▸ **WHAT IS EXPECTED**:
What you return should be the lines from the one with "Distribution of temperature" through the one with "Кружевное свадебное платье" in the data below, reproduced exactly with both ends, and no pictures at all.
:: LISTED ENTRIES ::
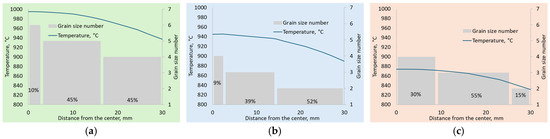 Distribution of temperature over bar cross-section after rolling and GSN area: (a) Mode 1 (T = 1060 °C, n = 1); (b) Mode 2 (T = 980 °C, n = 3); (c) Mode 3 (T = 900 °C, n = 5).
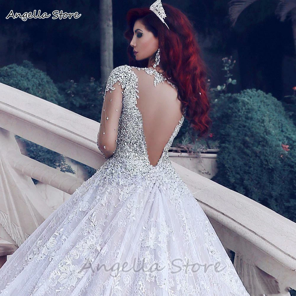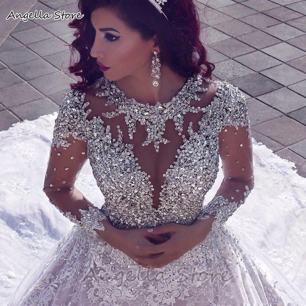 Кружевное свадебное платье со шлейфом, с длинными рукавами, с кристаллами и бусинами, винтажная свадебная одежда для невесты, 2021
:::
:: LISTED ENTRIES ::
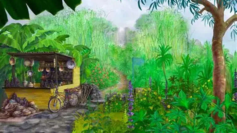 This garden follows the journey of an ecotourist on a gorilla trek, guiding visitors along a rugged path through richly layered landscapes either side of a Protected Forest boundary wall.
:::
▸ **SOLUTION**:
 Distribution of temperature over bar cross-section after rolling and GSN area: (a) Mode 1 (T = 1060 °C, n = 1); (b) Mode 2 (T = 980 °C, n = 3); (c) Mode 3 (T = 900 °C, n = 5).
 Кружевное свадебное платье со шлейфом, с длинными рукавами, с кристаллами и бусинами, винтажная свадебная одежда для невесты, 2021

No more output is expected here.